▶ The task:
Reprint the listing. Every line must match the original exactly.

_ _ _ _ _ _ _

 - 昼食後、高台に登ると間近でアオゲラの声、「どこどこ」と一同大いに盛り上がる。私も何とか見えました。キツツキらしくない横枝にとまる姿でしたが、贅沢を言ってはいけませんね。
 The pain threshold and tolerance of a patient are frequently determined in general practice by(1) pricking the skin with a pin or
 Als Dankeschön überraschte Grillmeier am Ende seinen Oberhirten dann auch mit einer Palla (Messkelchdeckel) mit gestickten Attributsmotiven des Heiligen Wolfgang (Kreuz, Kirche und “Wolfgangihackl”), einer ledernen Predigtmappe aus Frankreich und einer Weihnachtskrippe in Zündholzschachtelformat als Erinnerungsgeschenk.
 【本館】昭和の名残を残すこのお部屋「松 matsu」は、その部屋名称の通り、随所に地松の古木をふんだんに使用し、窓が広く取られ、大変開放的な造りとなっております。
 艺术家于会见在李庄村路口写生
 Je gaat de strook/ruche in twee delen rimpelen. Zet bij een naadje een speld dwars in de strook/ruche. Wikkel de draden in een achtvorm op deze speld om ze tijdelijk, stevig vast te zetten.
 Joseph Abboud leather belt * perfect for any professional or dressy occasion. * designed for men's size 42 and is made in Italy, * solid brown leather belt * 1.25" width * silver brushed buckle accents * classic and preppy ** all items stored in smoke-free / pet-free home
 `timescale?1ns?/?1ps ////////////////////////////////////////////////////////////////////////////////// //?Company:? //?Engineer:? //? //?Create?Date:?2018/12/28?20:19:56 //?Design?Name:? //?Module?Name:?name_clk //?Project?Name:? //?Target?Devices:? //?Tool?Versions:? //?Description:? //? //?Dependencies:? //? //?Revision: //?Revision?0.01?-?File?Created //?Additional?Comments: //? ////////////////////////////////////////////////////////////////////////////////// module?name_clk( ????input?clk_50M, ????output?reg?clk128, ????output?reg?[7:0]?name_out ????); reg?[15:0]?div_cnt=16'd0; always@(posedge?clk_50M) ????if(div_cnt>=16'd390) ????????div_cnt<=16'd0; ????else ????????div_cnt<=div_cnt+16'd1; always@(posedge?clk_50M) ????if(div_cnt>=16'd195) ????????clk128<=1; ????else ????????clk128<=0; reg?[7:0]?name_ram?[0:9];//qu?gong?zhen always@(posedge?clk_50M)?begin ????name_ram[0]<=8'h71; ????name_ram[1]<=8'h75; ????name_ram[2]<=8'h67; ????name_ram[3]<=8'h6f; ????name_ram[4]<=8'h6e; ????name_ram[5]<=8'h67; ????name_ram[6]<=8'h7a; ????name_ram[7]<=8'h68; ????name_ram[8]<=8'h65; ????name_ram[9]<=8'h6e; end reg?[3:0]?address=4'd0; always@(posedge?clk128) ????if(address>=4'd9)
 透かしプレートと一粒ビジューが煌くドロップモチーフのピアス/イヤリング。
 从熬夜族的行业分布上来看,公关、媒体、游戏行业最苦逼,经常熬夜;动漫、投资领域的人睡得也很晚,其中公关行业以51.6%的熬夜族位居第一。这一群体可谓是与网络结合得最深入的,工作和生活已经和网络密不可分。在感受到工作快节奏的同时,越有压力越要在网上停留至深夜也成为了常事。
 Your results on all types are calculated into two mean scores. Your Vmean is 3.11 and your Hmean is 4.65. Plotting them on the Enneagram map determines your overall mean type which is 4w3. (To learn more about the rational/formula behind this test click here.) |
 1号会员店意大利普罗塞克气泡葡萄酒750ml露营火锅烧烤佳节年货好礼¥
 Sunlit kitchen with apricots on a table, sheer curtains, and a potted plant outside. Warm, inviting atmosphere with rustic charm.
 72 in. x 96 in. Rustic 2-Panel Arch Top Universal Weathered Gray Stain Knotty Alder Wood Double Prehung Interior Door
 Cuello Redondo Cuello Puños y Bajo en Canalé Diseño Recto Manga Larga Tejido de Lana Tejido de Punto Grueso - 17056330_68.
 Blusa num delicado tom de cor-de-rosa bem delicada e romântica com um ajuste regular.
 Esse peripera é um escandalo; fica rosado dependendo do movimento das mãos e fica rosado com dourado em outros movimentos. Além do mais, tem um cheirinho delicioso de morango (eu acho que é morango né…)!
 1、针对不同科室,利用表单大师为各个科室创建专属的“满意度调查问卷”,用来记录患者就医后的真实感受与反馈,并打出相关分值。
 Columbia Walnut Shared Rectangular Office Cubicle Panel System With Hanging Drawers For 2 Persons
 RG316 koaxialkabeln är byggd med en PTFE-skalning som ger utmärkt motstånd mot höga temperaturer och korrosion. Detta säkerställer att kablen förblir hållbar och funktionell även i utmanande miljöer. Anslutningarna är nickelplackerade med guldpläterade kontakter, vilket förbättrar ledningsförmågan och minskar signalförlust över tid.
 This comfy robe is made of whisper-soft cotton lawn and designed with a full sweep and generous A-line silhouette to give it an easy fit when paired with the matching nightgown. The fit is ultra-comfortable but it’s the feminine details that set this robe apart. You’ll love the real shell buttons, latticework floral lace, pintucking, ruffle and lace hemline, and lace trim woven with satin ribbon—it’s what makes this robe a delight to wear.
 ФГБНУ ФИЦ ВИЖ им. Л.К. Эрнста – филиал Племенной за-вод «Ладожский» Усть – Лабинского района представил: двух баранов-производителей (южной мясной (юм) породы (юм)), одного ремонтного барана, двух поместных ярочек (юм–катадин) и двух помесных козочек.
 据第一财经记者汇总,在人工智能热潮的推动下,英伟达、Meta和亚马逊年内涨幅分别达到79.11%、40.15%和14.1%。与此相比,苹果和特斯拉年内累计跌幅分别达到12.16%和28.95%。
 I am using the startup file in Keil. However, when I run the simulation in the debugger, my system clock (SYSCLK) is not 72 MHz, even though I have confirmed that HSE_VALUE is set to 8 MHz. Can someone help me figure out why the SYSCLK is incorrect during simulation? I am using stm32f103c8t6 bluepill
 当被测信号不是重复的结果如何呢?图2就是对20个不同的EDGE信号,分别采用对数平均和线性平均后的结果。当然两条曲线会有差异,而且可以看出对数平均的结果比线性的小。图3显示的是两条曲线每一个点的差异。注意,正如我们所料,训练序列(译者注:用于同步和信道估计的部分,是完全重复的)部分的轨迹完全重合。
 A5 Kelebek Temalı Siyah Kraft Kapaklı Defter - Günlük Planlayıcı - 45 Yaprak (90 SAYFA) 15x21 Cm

_ _ _ _ _ _ _

▶ Solution:
 - 昼食後、高台に登ると間近でアオゲラの声、「どこどこ」と一同大いに盛り上がる。私も何とか見えました。キツツキらしくない横枝にとまる姿でしたが、贅沢を言ってはいけませんね。
 The pain threshold and tolerance of a patient are frequently determined in general practice by(1) pricking the skin with a pin or
 Als Dankeschön überraschte Grillmeier am Ende seinen Oberhirten dann auch mit einer Palla (Messkelchdeckel) mit gestickten Attributsmotiven des Heiligen Wolfgang (Kreuz, Kirche und “Wolfgangihackl”), einer ledernen Predigtmappe aus Frankreich und einer Weihnachtskrippe in Zündholzschachtelformat als Erinnerungsgeschenk.
 【本館】昭和の名残を残すこのお部屋「松 matsu」は、その部屋名称の通り、随所に地松の古木をふんだんに使用し、窓が広く取られ、大変開放的な造りとなっております。
 艺术家于会见在李庄村路口写生
 Je gaat de strook/ruche in twee delen rimpelen. Zet bij een naadje een speld dwars in de strook/ruche. Wikkel de draden in een achtvorm op deze speld om ze tijdelijk, stevig vast te zetten.
 Joseph Abboud leather belt * perfect for any professional or dressy occasion. * designed for men's size 42 and is made in Italy, * solid brown leather belt * 1.25" width * silver brushed buckle accents * classic and preppy ** all items stored in smoke-free / pet-free home
 `timescale?1ns?/?1ps ////////////////////////////////////////////////////////////////////////////////// //?Company:? //?Engineer:? //? //?Create?Date:?2018/12/28?20:19:56 //?Design?Name:? //?Module?Name:?name_clk //?Project?Name:? //?Target?Devices:? //?Tool?Versions:? //?Description:? //? //?Dependencies:? //? //?Revision: //?Revision?0.01?-?File?Created //?Additional?Comments: //? ////////////////////////////////////////////////////////////////////////////////// module?name_clk( ????input?clk_50M, ????output?reg?clk128, ????output?reg?[7:0]?name_out ????); reg?[15:0]?div_cnt=16'd0; always@(posedge?clk_50M) ????if(div_cnt>=16'd390) ????????div_cnt<=16'd0; ????else ????????div_cnt<=div_cnt+16'd1; always@(posedge?clk_50M) ????if(div_cnt>=16'd195) ????????clk128<=1; ????else ????????clk128<=0; reg?[7:0]?name_ram?[0:9];//qu?gong?zhen always@(posedge?clk_50M)?begin ????name_ram[0]<=8'h71; ????name_ram[1]<=8'h75; ????name_ram[2]<=8'h67; ????name_ram[3]<=8'h6f; ????name_ram[4]<=8'h6e; ????name_ram[5]<=8'h67; ????name_ram[6]<=8'h7a; ????name_ram[7]<=8'h68; ????name_ram[8]<=8'h65; ????name_ram[9]<=8'h6e; end reg?[3:0]?address=4'd0; always@(posedge?clk128) ????if(address>=4'd9)
 透かしプレートと一粒ビジューが煌くドロップモチーフのピアス/イヤリング。
 从熬夜族的行业分布上来看,公关、媒体、游戏行业最苦逼,经常熬夜;动漫、投资领域的人睡得也很晚,其中公关行业以51.6%的熬夜族位居第一。这一群体可谓是与网络结合得最深入的,工作和生活已经和网络密不可分。在感受到工作快节奏的同时,越有压力越要在网上停留至深夜也成为了常事。
 Your results on all types are calculated into two mean scores. Your Vmean is 3.11 and your Hmean is 4.65. Plotting them on the Enneagram map determines your overall mean type which is 4w3. (To learn more about the rational/formula behind this test click here.) |
 1号会员店意大利普罗塞克气泡葡萄酒750ml露营火锅烧烤佳节年货好礼¥
 Sunlit kitchen with apricots on a table, sheer curtains, and a potted plant outside. Warm, inviting atmosphere with rustic charm.
 72 in. x 96 in. Rustic 2-Panel Arch Top Universal Weathered Gray Stain Knotty Alder Wood Double Prehung Interior Door
 Cuello Redondo Cuello Puños y Bajo en Canalé Diseño Recto Manga Larga Tejido de Lana Tejido de Punto Grueso - 17056330_68.
 Blusa num delicado tom de cor-de-rosa bem delicada e romântica com um ajuste regular.
 Esse peripera é um escandalo; fica rosado dependendo do movimento das mãos e fica rosado com dourado em outros movimentos. Além do mais, tem um cheirinho delicioso de morango (eu acho que é morango né…)!
 1、针对不同科室,利用表单大师为各个科室创建专属的“满意度调查问卷”,用来记录患者就医后的真实感受与反馈,并打出相关分值。
 Columbia Walnut Shared Rectangular Office Cubicle Panel System With Hanging Drawers For 2 Persons
 RG316 koaxialkabeln är byggd med en PTFE-skalning som ger utmärkt motstånd mot höga temperaturer och korrosion. Detta säkerställer att kablen förblir hållbar och funktionell även i utmanande miljöer. Anslutningarna är nickelplackerade med guldpläterade kontakter, vilket förbättrar ledningsförmågan och minskar signalförlust över tid.
 This comfy robe is made of whisper-soft cotton lawn and designed with a full sweep and generous A-line silhouette to give it an easy fit when paired with the matching nightgown. The fit is ultra-comfortable but it’s the feminine details that set this robe apart. You’ll love the real shell buttons, latticework floral lace, pintucking, ruffle and lace hemline, and lace trim woven with satin ribbon—it’s what makes this robe a delight to wear.
 ФГБНУ ФИЦ ВИЖ им. Л.К. Эрнста – филиал Племенной за-вод «Ладожский» Усть – Лабинского района представил: двух баранов-производителей (южной мясной (юм) породы (юм)), одного ремонтного барана, двух поместных ярочек (юм–катадин) и двух помесных козочек.
 据第一财经记者汇总,在人工智能热潮的推动下,英伟达、Meta和亚马逊年内涨幅分别达到79.11%、40.15%和14.1%。与此相比,苹果和特斯拉年内累计跌幅分别达到12.16%和28.95%。
 I am using the startup file in Keil. However, when I run the simulation in the debugger, my system clock (SYSCLK) is not 72 MHz, even though I have confirmed that HSE_VALUE is set to 8 MHz. Can someone help me figure out why the SYSCLK is incorrect during simulation? I am using stm32f103c8t6 bluepill
 当被测信号不是重复的结果如何呢?图2就是对20个不同的EDGE信号,分别采用对数平均和线性平均后的结果。当然两条曲线会有差异,而且可以看出对数平均的结果比线性的小。图3显示的是两条曲线每一个点的差异。注意,正如我们所料,训练序列(译者注:用于同步和信道估计的部分,是完全重复的)部分的轨迹完全重合。
 A5 Kelebek Temalı Siyah Kraft Kapaklı Defter - Günlük Planlayıcı - 45 Yaprak (90 SAYFA) 15x21 Cm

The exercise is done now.